To continue to grow their sales as the overall growth rate of online sales decreases, e-retailers must devise new strategies, Mulpuru says.

“Growing international sales is one opportunity, especially given the weakness of the dollar at this point in time,” she says. “And retailers still need to fix the user experience, employing more tools like rich Internet applications or alternative payments or more robust cross-sell tools.
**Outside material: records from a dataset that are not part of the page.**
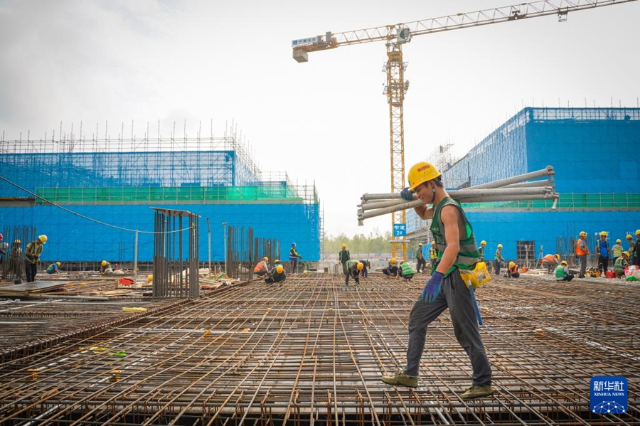 8月21日,中建三局工人在雄安科创中心二期、三期项目建设现场施工。新华社记者牟宇 摄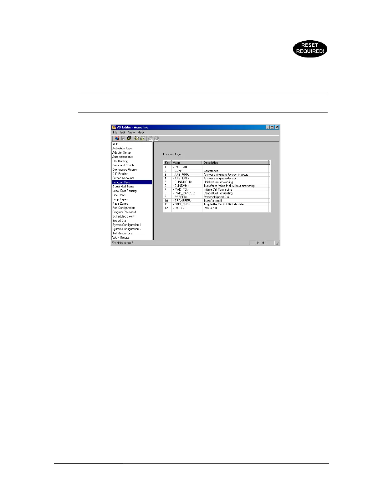 • The Function Keys pane appears with a list box that shows a list of 12 Function Keys that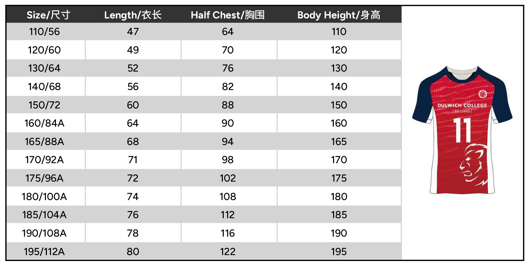 | Size | 110 or 120 or 130 or 140 or 150 or 160 or 165 or 170 or 175 or 180 or 185 or 190 or 195 |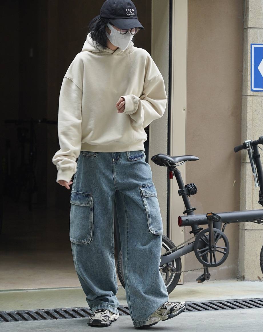 2022新款夏日白色穿搭 2022新款ins小众宽松高腰明线牛仔背带裤女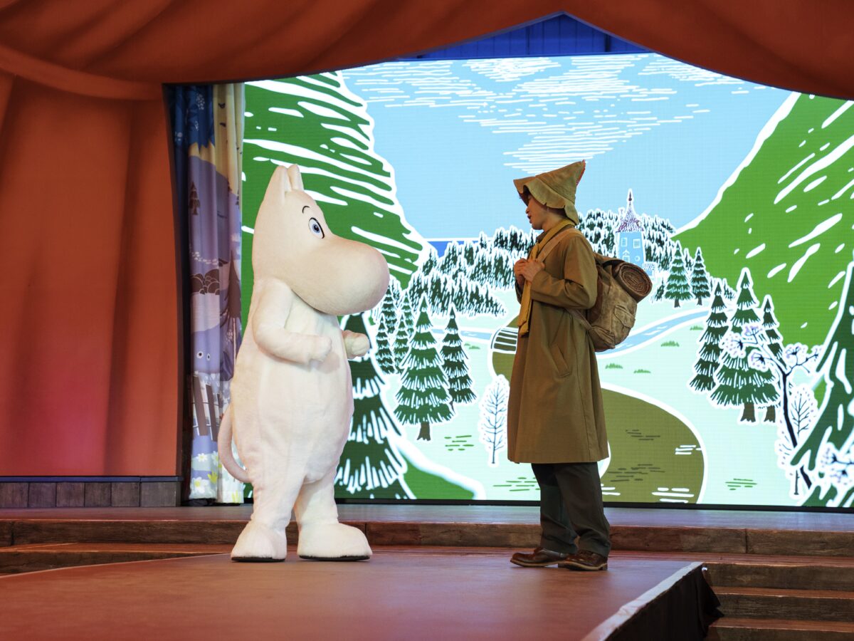 新プログラム『Dance-time with Friends』は、日によって異なるキャラクターが登場するライブ感あふれるダンスプログラム。内覧会でのお披露目では、大人気の「ご先祖さま」と「トゥーティッキ」が登場し、ムーミンバレーパークオリジナルソングに合わせたダンスで会場を盛り上げました。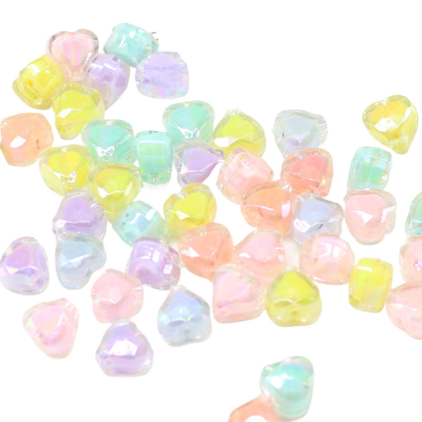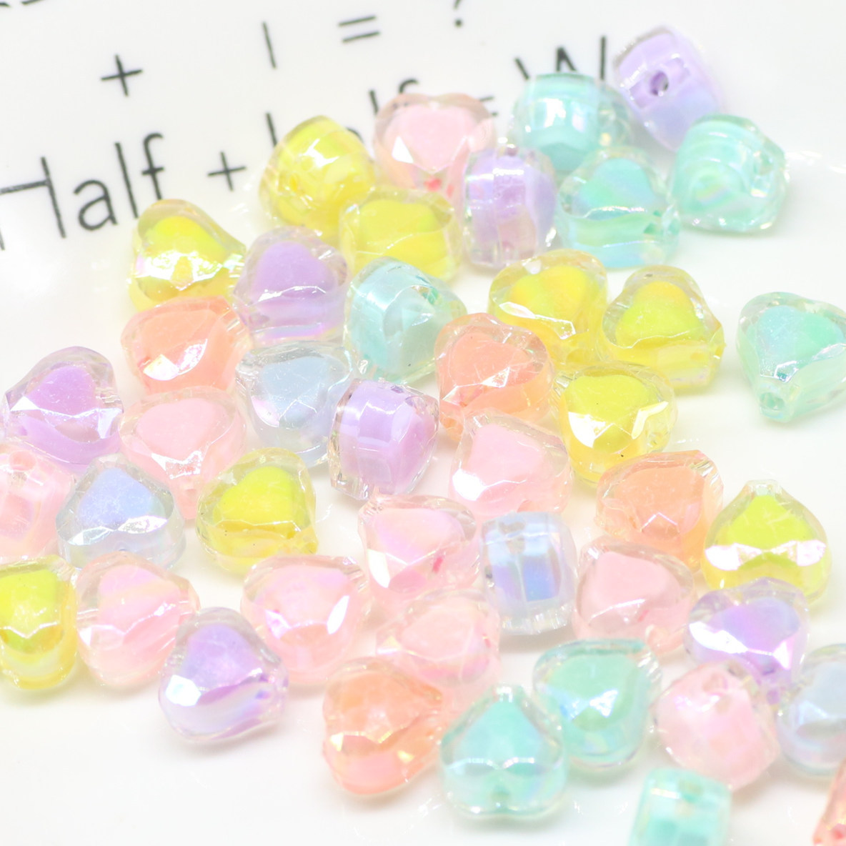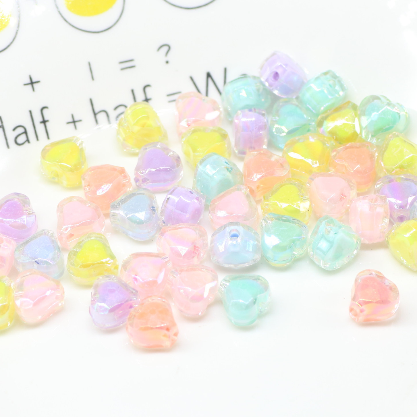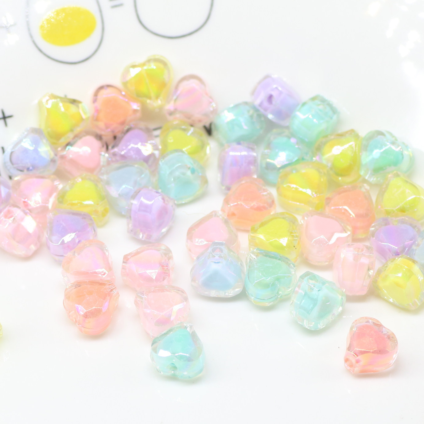| nameOriginal | Electroplated AB heart-shaped beads loose beads children's acrylic beads perforated heart-shaped handmade bracelet material |

The user experience online still is largely subpar and improvement there alone can help many e-retailers grow.”

875 Million (and growing) Potential HomeATM Users!


Over 875 million consumers shopped online worldwide in 2007, according to a survey by The Nielsen Company.
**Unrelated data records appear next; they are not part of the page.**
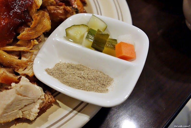 脆皮雞一份半隻,是採先蒸熟後淋油的作法,雞皮又香又酥很可口,相較之下雞肉比較無趣些,口感稍微有點乾柴,尤其胸肉更為明顯,還好搭著外皮吃多少可以拉回點分數,可以沾胡椒或配漬菜一起享用。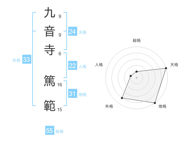 九音寺 篤範さんの総格は55画の1点!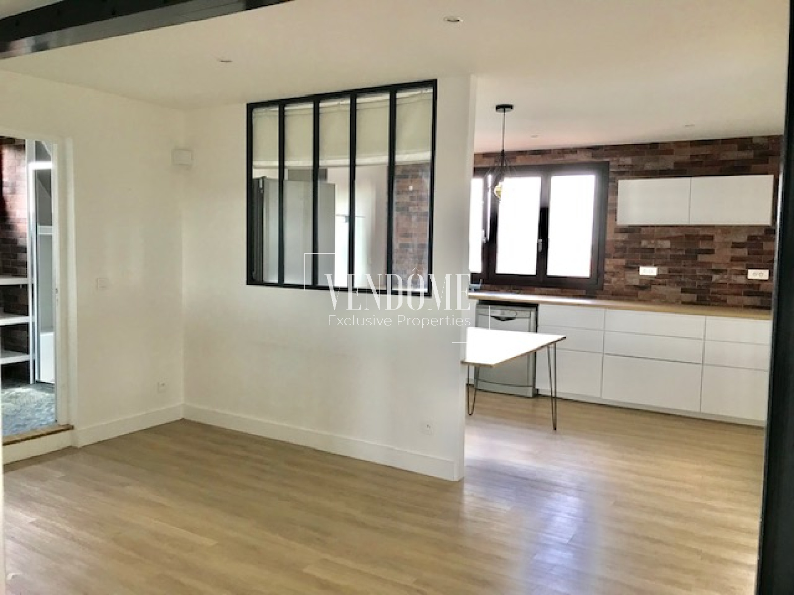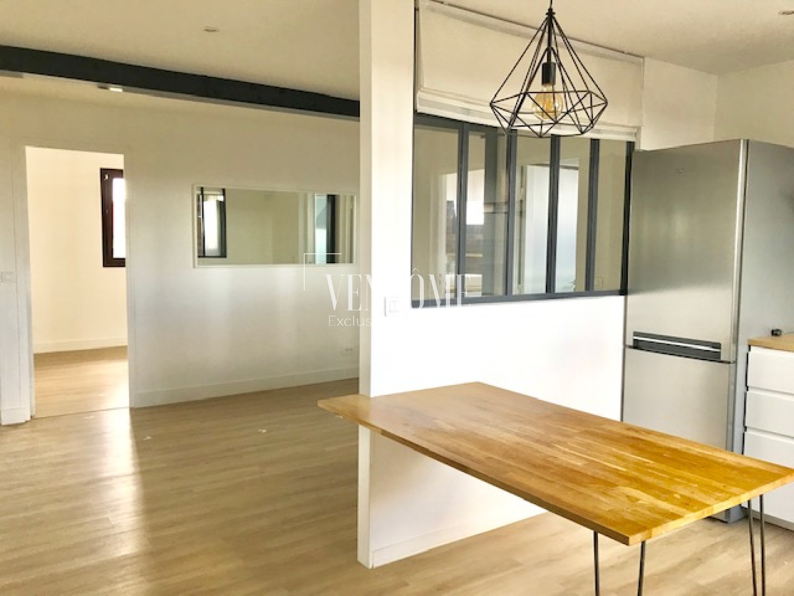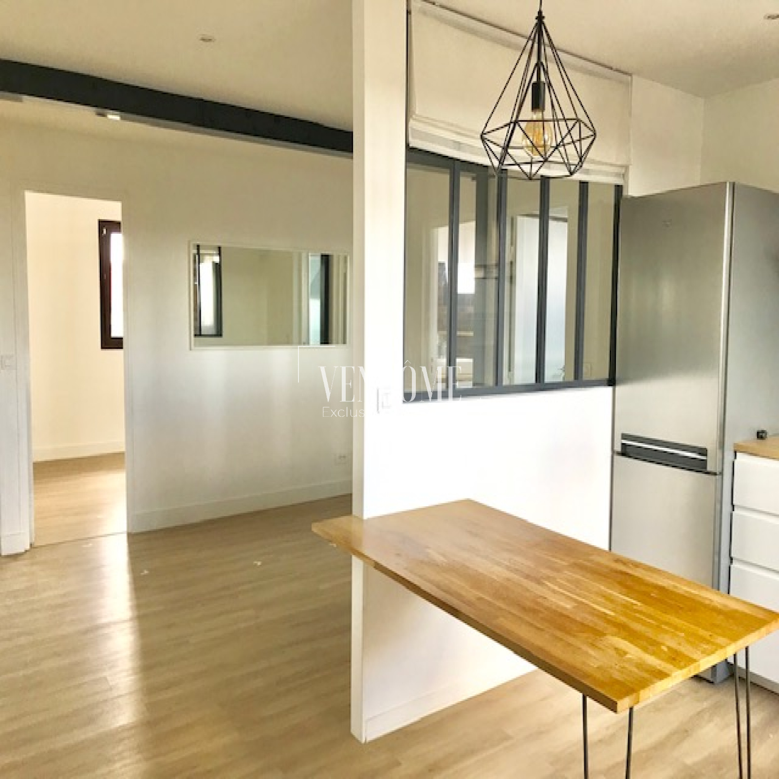 Vendome Exclusive Properties vous propose au coeur d'un quartier résidenciel et en pleine mutation, dans un charmante copropriété arborée avec jardin, au dernier étage, bel appartement entierement rénové de quatre pièces, 75m2 pondéré (71LC 81sol), traversant avec un plan en étoile sans aucune perte de place. Il cimprend: un séjour , une cuisine aménagée et équipée semi-ouverte dinatoire, 3 chambres pourvues d'un dressing aménagé, une salle de bain avec douche à l'italienne et baignoire, une toilette et buanderie. L'appartement est très lumineux et le plan est optimisé. Un accès aux combles depuis l'appartement permet une zone de stokage. Il est complété avec un garage aménagé et lumineux.Nombre de lot dans la copropriété: environ 5. Pas de procédure en cours.

This represents a 40 percent increase in the number of Internet shoppers over the last two years, the U.S.-based market research firm says.

“When Nielsen conducted its first global survey into Internet shopping trends two years ago, around 627 million people had shopped online,” Bruce Paul, Vice President of Customized Research at Nielsen U.S., says. “Within two years, this number has increased by 40 percent to 875 million.”

According to Nielsen’s survey, which was conducted in October 2007, over 85 percent of the world’s online population has used the Internet to make a purchase. Globally, more than half of Internet users made at least one purchase online in January 2008, Nielsen estimates.

Among Internet users worldwide, the highest percentage shopping online is found in South Korea. Nielsen says 99 percent of South Korean Internet users have shopped online, followed by the UK, Germany and Japan in joint second place, each with 97 percent. The U.S. came eighth, with 94 percent of Internet users having shopped online.

Credit cards are by far the most common method of payment for online purchases. Nielsen says that 60 percent of global online consumers used their credit card for a recent online purchase, while one in four online consumers chose PayPal. Of those paying with a credit card, more than half (53 percent) used Visa, Nielsen says.